How do I solve this DE method problem with y'cosx = 1-y^2?

[gbacsf]

What method would be used to solve this DE, it look like a Bernoulli but isn't. I'm lost.

y'cosx = 1-y^2

Thanks,

Gab

 

[neutrino]

It looks like you can separate the variables.

 

[Pseudo Statistic]

Treat y' as the limiting ratio dy/dx.
Your aim is to get the xs (and dx) on one side, and the ys (and dy) on the other side and integrate...

 

[gbacsf]

I'm not sure if I can solve it that way. I did some digging and found its in the form of a Riccati eq.

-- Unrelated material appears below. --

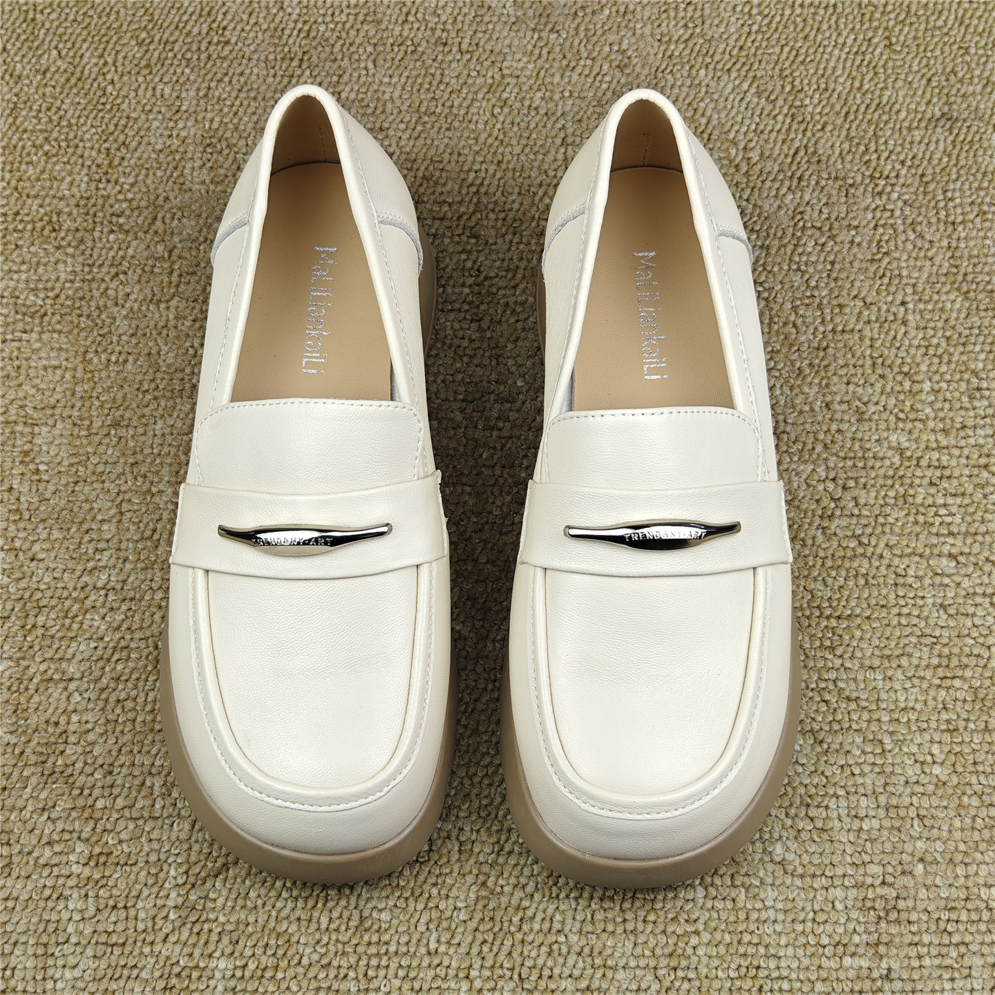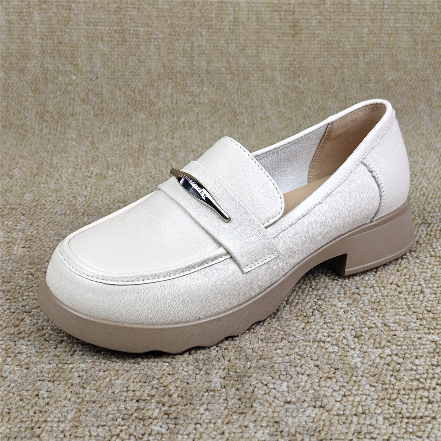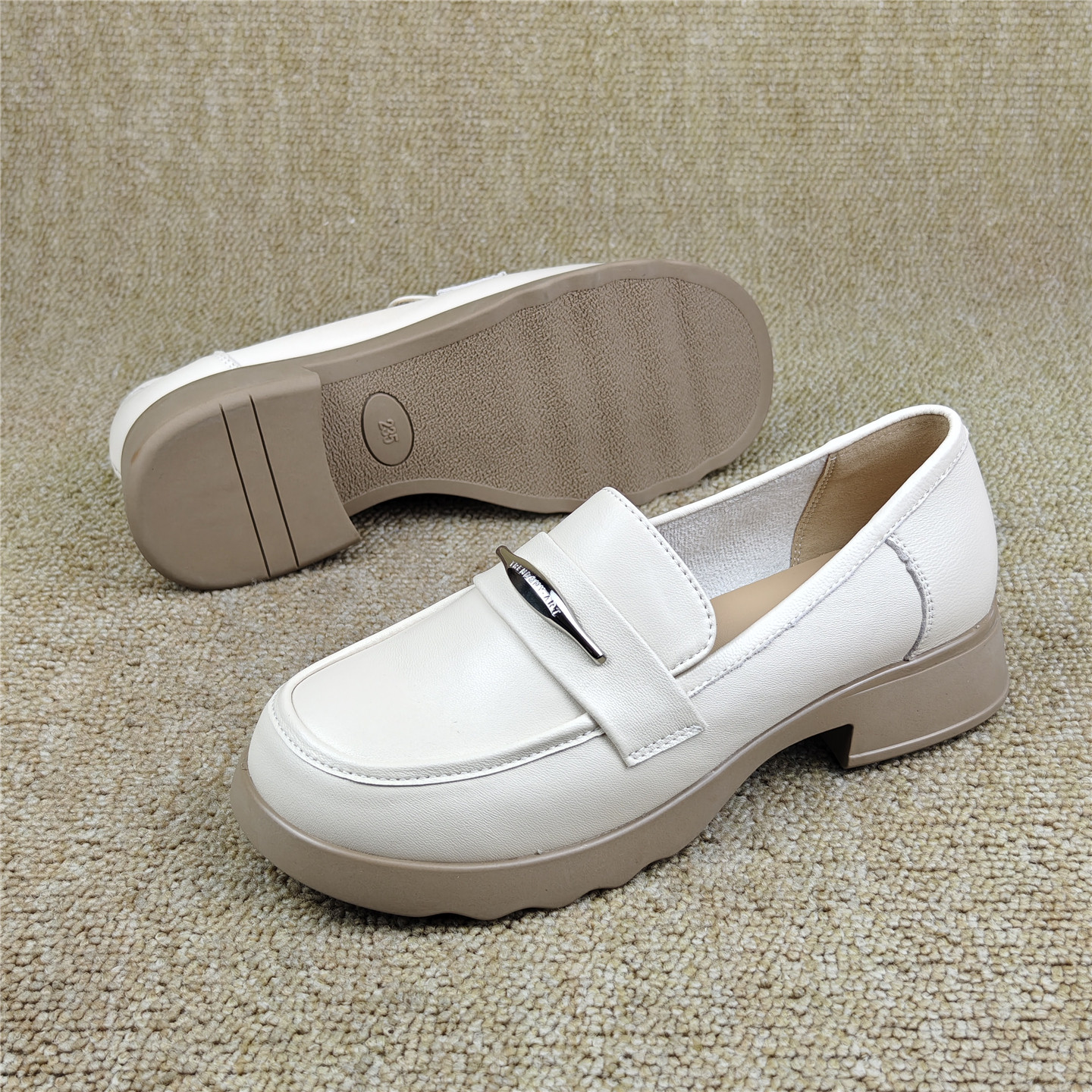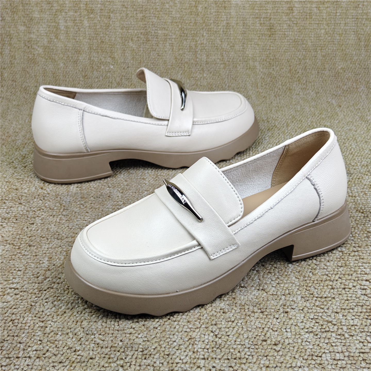 头层羊皮女鞋商场断码英伦风真皮厚底乐福鞋女一脚蹬休闲百搭单鞋

http://en.wikipedia.org/wiki/Riccati_equation

But I'm not sure how to apply it to this problem, any help?

Thanks

 

[FrogPad]

Hint:

\frac{dy}{dx} \,\, \frac{\cos x}{1-y^2}=1

 

[gbacsf]

Well from that I can say that y=sin(x) is a solution.

Then I get:

z' +(-2*tan(x))*z = 1/cos(x)

So then I solve this linear equation:

(sin(x) + C)/(cos(x))^2

 

[J77]

The next step should be to substitute: y=\sin(u) into the equation FrogPad gave.